Physicians Mutual
- Company type: Privately held
- Industry: Insurance
- Founded: 1902; 124 years ago
- Founder: Edwin E. Elliott
- Headquarters: Omaha, Nebraska
- Website: physiciansmutual.com

= Physicians Mutual =

Mutual insurance company

Physicians Mutual is a mutual insurance company headquartered in Omaha, Nebraska, United States. It consists of Physicians Mutual Insurance Company and Physicians Life Insurance Company.

Today the company offers a variety of insurance products, Medicare, Medigap, Medicare Supplement, Dental InsuranceTerm Life Insurance, Whole Life Insurance, and cancer and funeral pre-planning services. In 2022, it began to offer Pet Insurance.
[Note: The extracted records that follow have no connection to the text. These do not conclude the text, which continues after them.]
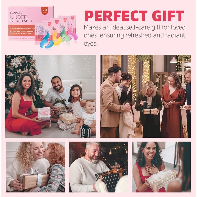 BIODREL Under Eye Gel Patches – your ultimate solution for tired, puffy eyes. Each pack contains 20 pairs of patches in four vibrant colors, with five patches of each unique type. Crafted with premium ingredients, including 24k gold, hyaluronic acid, and rose and green tea extracts, these patches effectively target dark circles, puffiness, and tired-looking eyes. Experience intense hydration, nourishment, and rejuvenation as these patches work their magic on the delicate under-eye skin.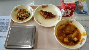 赤魚の棒々鶏ソースがけ 青梗菜の和え物 チゲ風スープ 牛乳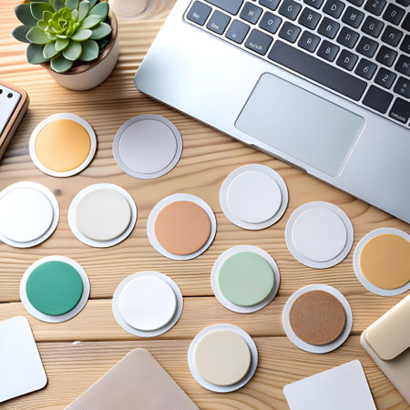 A flat lay photo of a wooden table with various colorful round objects. a laptop. and a small potted plant. The scene is perfect for showcasing your brand. products. or message in a creative and engaging way.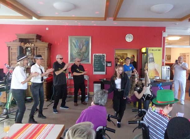 Für musikalische Höhepunkte sorgte die Band „Die Lumpis“, die mit schwungvollen Liedern und bekannten Stimmungshits die zahlreichen Gäste zum Mitsingen, zum Tanzen und Schunkeln brachte. Die Partyband hat übrigens eine ganz besondere Verbindung zum Haus: Vor genau 20 Jahren wurde sie zum Hausfasching im AWO Seniorenheim gegründet.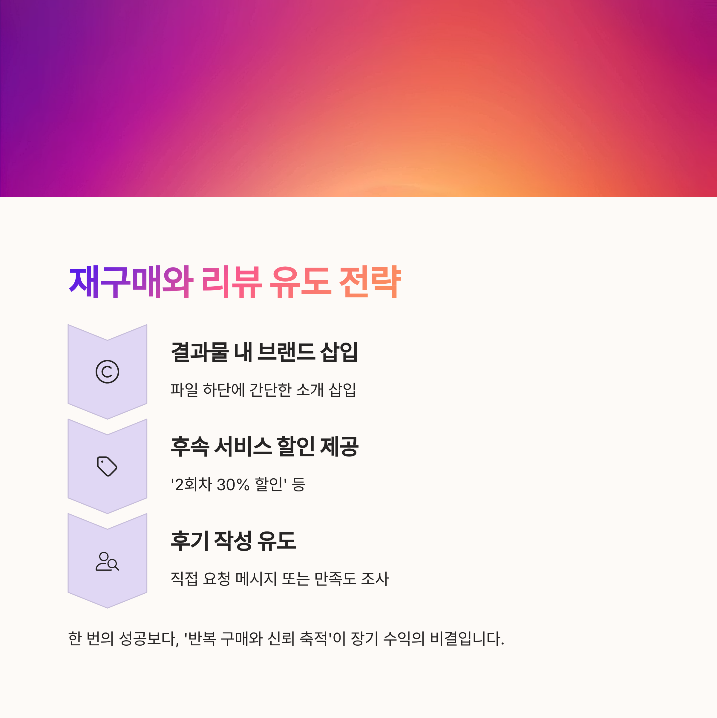 한 번의 성공보다, ‘반복 구매와 신뢰 축적’을 만드는 게 장기 수익의 비결입니다.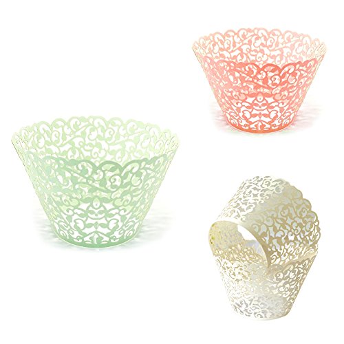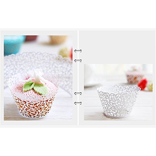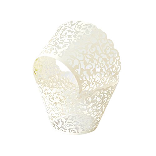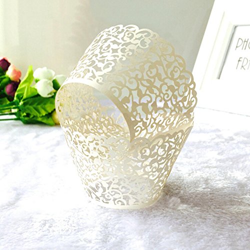 Liangxiang Cupcake Wrappers, 50pcs Filigree Vine Designed Decor Artistic Bake Cake Cups Wrapper Muffin Case Trays for Wedding/Birthday Party Decoration (white)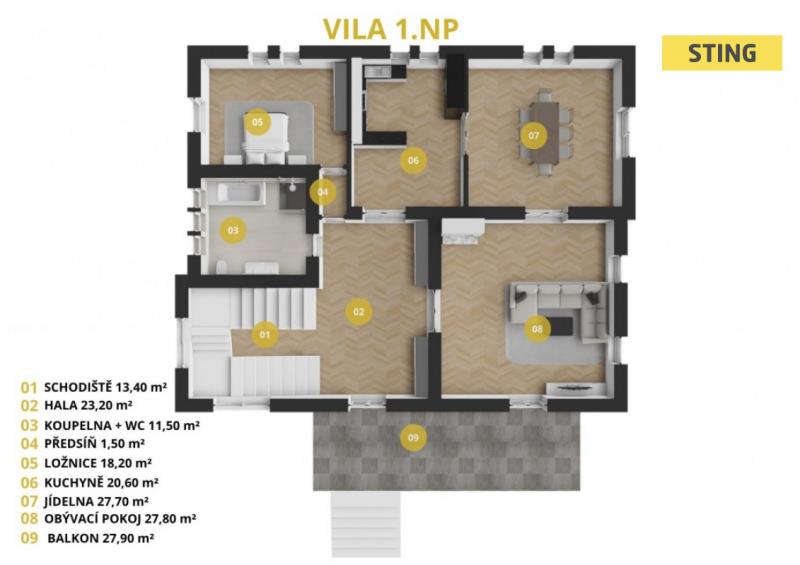 Hledáte výjimečné rodinné sídlo, které v sobě spojuje historii, eleganci a soukromí? Nebo snad prostor pro stylové podnikání? Nabízíme Vám ke koupi jedinečnou secesní vilu Eliška, situovanou v malebné krajině, pouhých 130 km východně od Prahy. Tato unikátní stavba z roku 1905 sloužila původně jako letní rezidence. V roce 2001 prošla rozsáhlou a citlivou rekonstrukcí, která zachovala její původní kouzlo a přitom splňuje nároky moderního bydlení. Vila je plně podsklepená a má tři nadzemní podlaží. Dominantním architektonickým prvkem je věž se schodištěm a nádherným výhledem do zahrady i na barokní poutní kostel v obci. Dispozice vily: • 1. NP: vstupní hala, kuchyň, jídelna, obývací pokoj se vstupem do zimní zahrady, šatna • 2. NP: 4 pokoje, vstup na balkon • Podkroví: centrální společenská místnost s kulečníkem, 3 další pokoje, technická místnost, šatna. Každé patro disponuje samostatnou koupelnou, každá v jiném stylovém tónu. Interiér vily je pečlivě navržen do nejmenšího detailu. Odhalené masivní trámy v podkroví dodávají prostorům mimořádnou útulnost. Vytápění je zajištěno podlahovým topením. Bezpečnost nemovitosti garantuje kamerový systém. K vile náleží také prostorná garáž pro dva vozy s technickým zázemím. Vstup na pozemek je řešen dálkově ovládanou bránou. Zahrada a exteriér: Rozlehlá zahrada (2 799 m²) s kašnou, vzrostlými stromy a romantickými zákoutími připomíná zámecký park. Večerní osvětlení dodává vile zvláštní kouzlo a atmosféru. Vysoký plot zajišťuje absolutní soukromí a klid. Technické údaje: • Zastavěná plocha: 342 m² • Plocha pozemku: 3 228 m² • Garáž: 87 m² • Počet podlaží: 3 + sklep • Voda: obecní vodovod • Elektřina: 230/400 V • Odpad: napojení na kanalizaci • Vytápění: podlahové • Vlastnictví: osobní Lokalita: Vila se nachází v obci Radim u Luže. V Luži naleznete veškerou občanskou vybavenost. Okolní příroda je mimořádně bohatá – v blízkosti se nacházejí pískovcové útvary Toulovcovy Maštale, přírodní rezervace Poklona, zřícenina hradu Košumberk, rozhledna Jahůdka nebo Žulová stezka Horkami. Lokalita je ekologicky čistá, bez průmyslových podniků, s výbornou kvalitou ovzduší. Virtuální prohlídka na adrese https://my.matterport.com/show/?m=Qr5jHJQAaHu. Do konce prosince 2025 nabízíme prostřednictvím našeho partnera úrokové sazby od 4,29 % p.a. Více informací Vám sdělí náš specialista na prohlídce.

The company holds over US$4 billion in assets and employs over 1000 people, and has Rob Reed as its president and chief executive officer.

== History ==

- 1902 - Founded as Physicians Mutual Insurance Company by Edwin E. Elliott, Physicians Mutual began by selling health insurance to medical professionals.
- 1962 - Policies were offered to the general public.
- 1970 - The company expanded into life insurance when it founded Physicians Life Insurance Company.
- 2012 - To better address the increasing demands of funeral home owners and the families they represent, the company joined the funeral pre-planning business.
- 2019 - Physicians Mutual Insurance Company introduced a new marketing advertisement featuring comedic actor John Michael Higgins.